- [ACTIVITY] Word for word, restate the entries below and exclude every image.

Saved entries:

┄┄┄┄┄┄

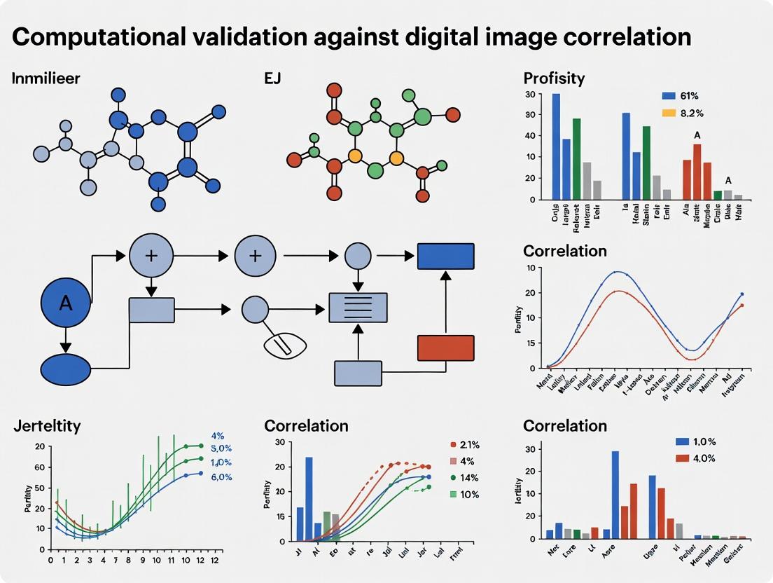 Validating computational predictions with Digital Image Correlation is not merely a final step but a foundational practice that underpins credible biomedical research and development. By establishing a rigorous workflow—from understanding first principles to applying quantitative validation metrics—researchers can significantly enhance the predictive power and regulatory acceptance of their models. The convergence of high-fidelity DIC data and advanced computational techniques promises more reliable simulations of complex biological systems, from stent deployment to soft tissue mechanics. Future directions include the integration of AI for automated error detection, real-time DIC-FEA feedback loops, and the development of standardized validation protocols for emerging fields like bioprinting and organ-on-a-chip technologies, ultimately accelerating safer and more effective therapeutic innovations.
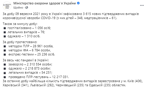 Перед выходными, в пятницу 10 сентября, появились новые статистические данные по эпидситуации в Украине, связанной с перманентной эпидемией коронавируса. Итак, за истекшие сутки общее число зараженных коронавирусом с начала эпидемии в стране выросло еще на 3 615 человека.
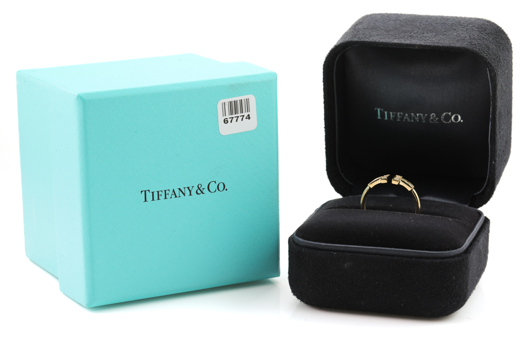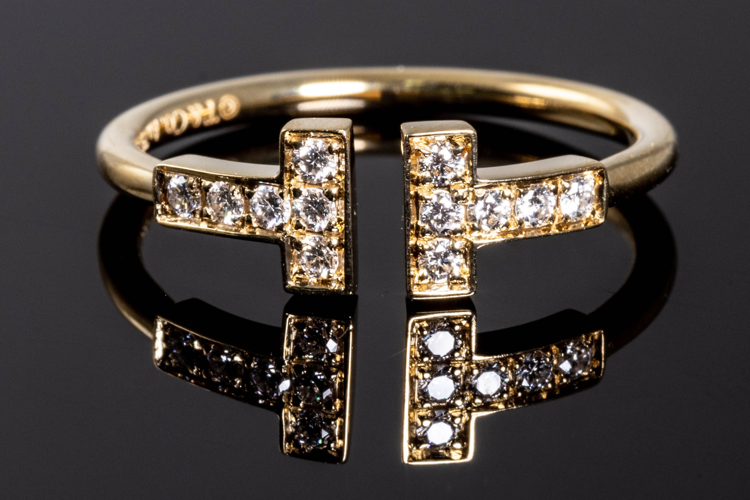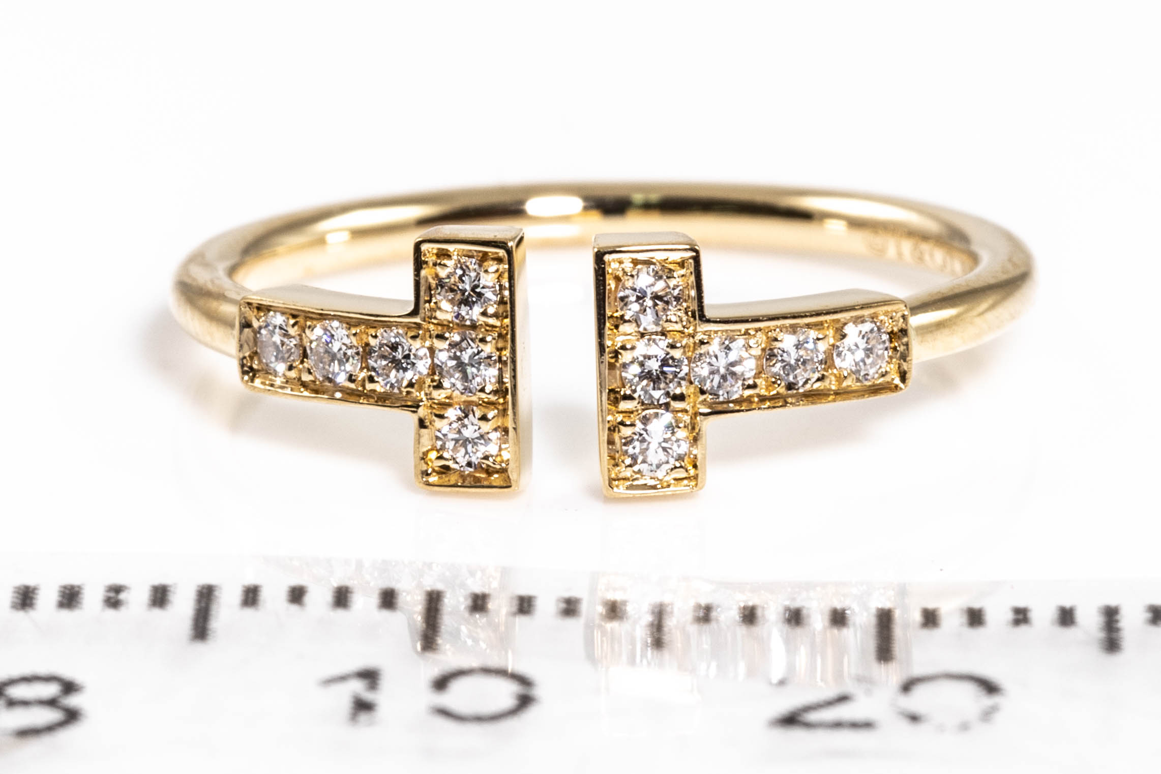 Tiffany & Co T wire ring with round Diamonds totalling 0.13cts. 18ct yellow gold. Ring size M1/2 - ring resizing is not recommended. Weight: 2.4g.With Tiffany & Co box. (Pre-owned)
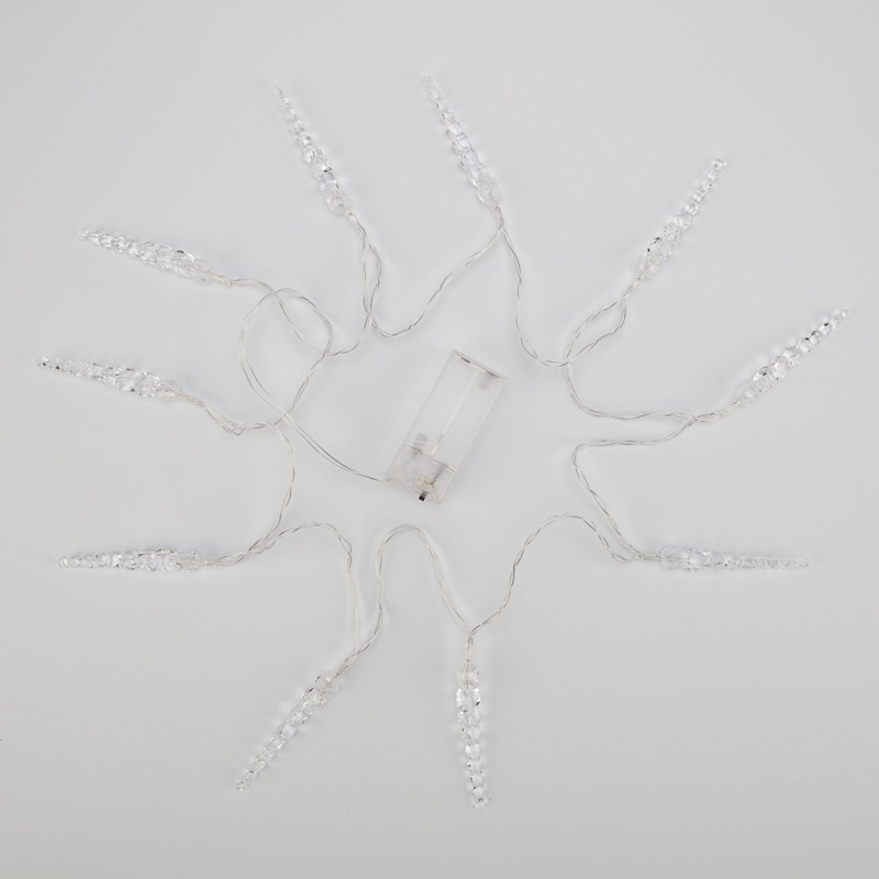 Светодиодная гирлянда «Сосульки» длиной 1,5 метра — идеальное решение для создания праздничного декора в преддверии Нового года. 10 насадок в виде сосулек ярко подсвечиваются диодами, которые излучают теплый белый свет. Необычный дизайн, тематическое исполнение, независимость от электрической сети и абсолютная безопасность открывают большие возможности в оформлении интерьера. Гирлянда питается от двух элементов типа АА, для которых предусмотрен отдельный блок с крышкой и клавишей ON/OFF. Изделие IP20 предназначено для использования дома, в офисе, магазине и других помещениях со стандартными условиями.
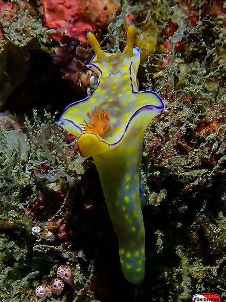 You’ll find all kinds of nudibranchs, schools of several species of damselfish, trumpetfish, lionfish, and often octopus or cuttlefish. Spring and early summer are good times to spot schools of juvenile fish, including Barracuda and Squid.
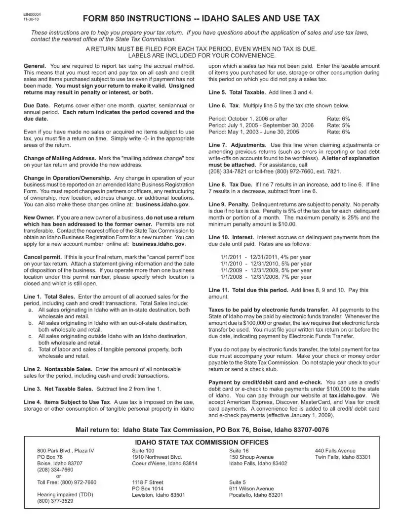 Completing the Idaho 850 form can be straightforward, but several common mistakes can lead to complications. One frequent error is failing to file a return even when no tax is due. It’s essential to remember that a return must be filed for each tax period, regardless of whether any sales were made. Simply indicating “-0-” in the relevant areas is sufficient to fulfill this requirement.
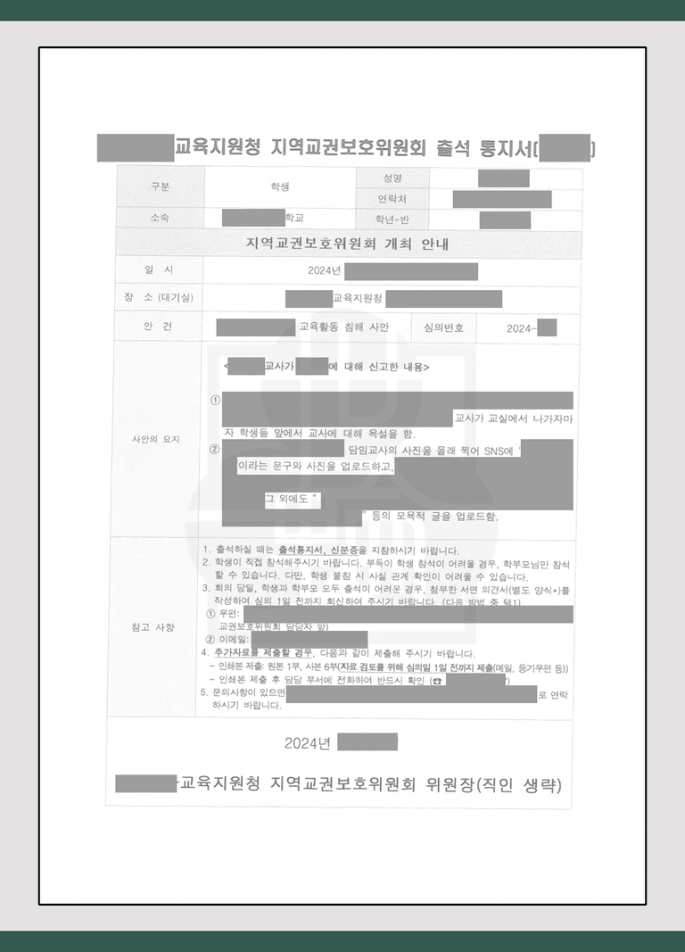 보통은 공식적인 안내 통지서를 받기 전에 학교를 통해 교권보호위원회로 넘어간다는 이야기를 듣게 됩니다. 사전에 심의를 준비하고 대책을 마련해야 하므로, 교권보호위원회로 회부되었다는 이야기를 들으시면 곧바로 전문 변호사와 이야기를 나눠보시는 것이 좋은데요. 늦어도 교육청으로부터 출석통지서를 받으시면 지체 없이 강동송파변호사와 같은 전문가의 조언을 들으시는 것이 필요합니다.
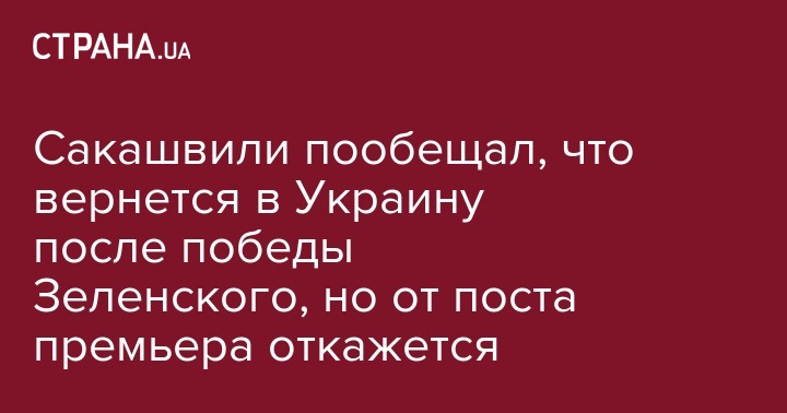 Сакашвили пообещал, что вернется в Украину после победы Зеленского, но от поста премьера откажется
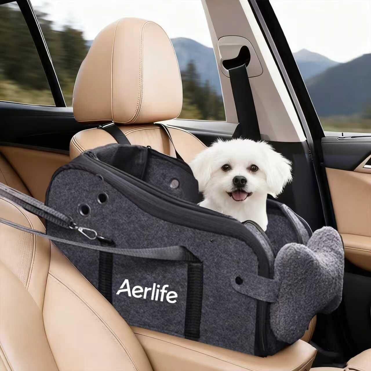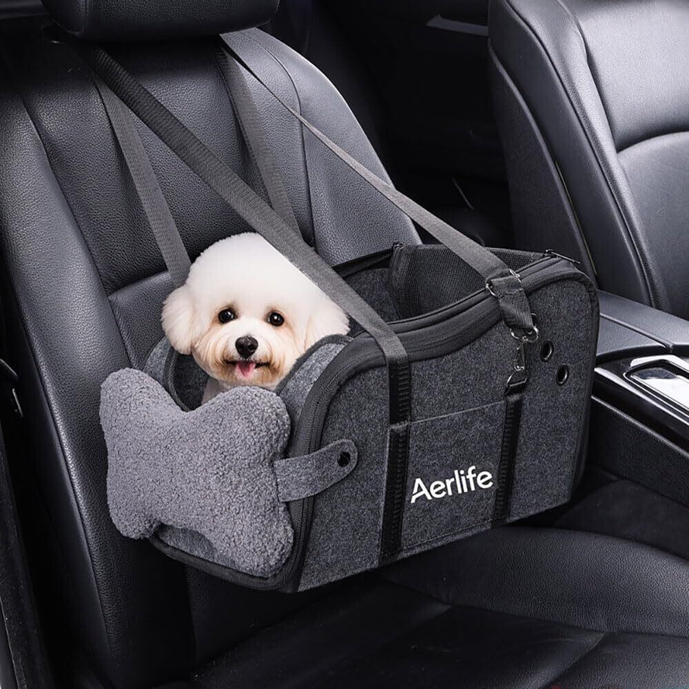 Aerlife ドライブボックス 小型犬 ペットベッド 可愛い 助手席 ペット用 ドライブシート リード付き 飛び出し防止 小型犬 ドライブベッド 両面クッション 折り畳み式 キャリーバッグ 3way ペットカーシート 猫 お出かけ 車ペット用品 洗い可能 夏冬兼用 アウトドア フェルト(グレー/フェルト)

┄┄┄┄┄┄

- [ANSWER SECTION]
 Validating computational predictions with Digital Image Correlation is not merely a final step but a foundational practice that underpins credible biomedical research and development. By establishing a rigorous workflow—from understanding first principles to applying quantitative validation metrics—researchers can significantly enhance the predictive power and regulatory acceptance of their models. The convergence of high-fidelity DIC data and advanced computational techniques promises more reliable simulations of complex biological systems, from stent deployment to soft tissue mechanics. Future directions include the integration of AI for automated error detection, real-time DIC-FEA feedback loops, and the development of standardized validation protocols for emerging fields like bioprinting and organ-on-a-chip technologies, ultimately accelerating safer and more effective therapeutic innovations.
 Перед выходными, в пятницу 10 сентября, появились новые статистические данные по эпидситуации в Украине, связанной с перманентной эпидемией коронавируса. Итак, за истекшие сутки общее число зараженных коронавирусом с начала эпидемии в стране выросло еще на 3 615 человека.
 Tiffany & Co T wire ring with round Diamonds totalling 0.13cts. 18ct yellow gold. Ring size M1/2 - ring resizing is not recommended. Weight: 2.4g.With Tiffany & Co box. (Pre-owned)
 Светодиодная гирлянда «Сосульки» длиной 1,5 метра — идеальное решение для создания праздничного декора в преддверии Нового года. 10 насадок в виде сосулек ярко подсвечиваются диодами, которые излучают теплый белый свет. Необычный дизайн, тематическое исполнение, независимость от электрической сети и абсолютная безопасность открывают большие возможности в оформлении интерьера. Гирлянда питается от двух элементов типа АА, для которых предусмотрен отдельный блок с крышкой и клавишей ON/OFF. Изделие IP20 предназначено для использования дома, в офисе, магазине и других помещениях со стандартными условиями.
 You’ll find all kinds of nudibranchs, schools of several species of damselfish, trumpetfish, lionfish, and often octopus or cuttlefish. Spring and early summer are good times to spot schools of juvenile fish, including Barracuda and Squid.
 Completing the Idaho 850 form can be straightforward, but several common mistakes can lead to complications. One frequent error is failing to file a return even when no tax is due. It’s essential to remember that a return must be filed for each tax period, regardless of whether any sales were made. Simply indicating “-0-” in the relevant areas is sufficient to fulfill this requirement.
 보통은 공식적인 안내 통지서를 받기 전에 학교를 통해 교권보호위원회로 넘어간다는 이야기를 듣게 됩니다. 사전에 심의를 준비하고 대책을 마련해야 하므로, 교권보호위원회로 회부되었다는 이야기를 들으시면 곧바로 전문 변호사와 이야기를 나눠보시는 것이 좋은데요. 늦어도 교육청으로부터 출석통지서를 받으시면 지체 없이 강동송파변호사와 같은 전문가의 조언을 들으시는 것이 필요합니다.
 Сакашвили пообещал, что вернется в Украину после победы Зеленского, но от поста премьера откажется
 Aerlife ドライブボックス 小型犬 ペットベッド 可愛い 助手席 ペット用 ドライブシート リード付き 飛び出し防止 小型犬 ドライブベッド 両面クッション 折り畳み式 キャリーバッグ 3way ペットカーシート 猫 お出かけ 車ペット用品 洗い可能 夏冬兼用 アウトドア フェルト(グレー/フェルト)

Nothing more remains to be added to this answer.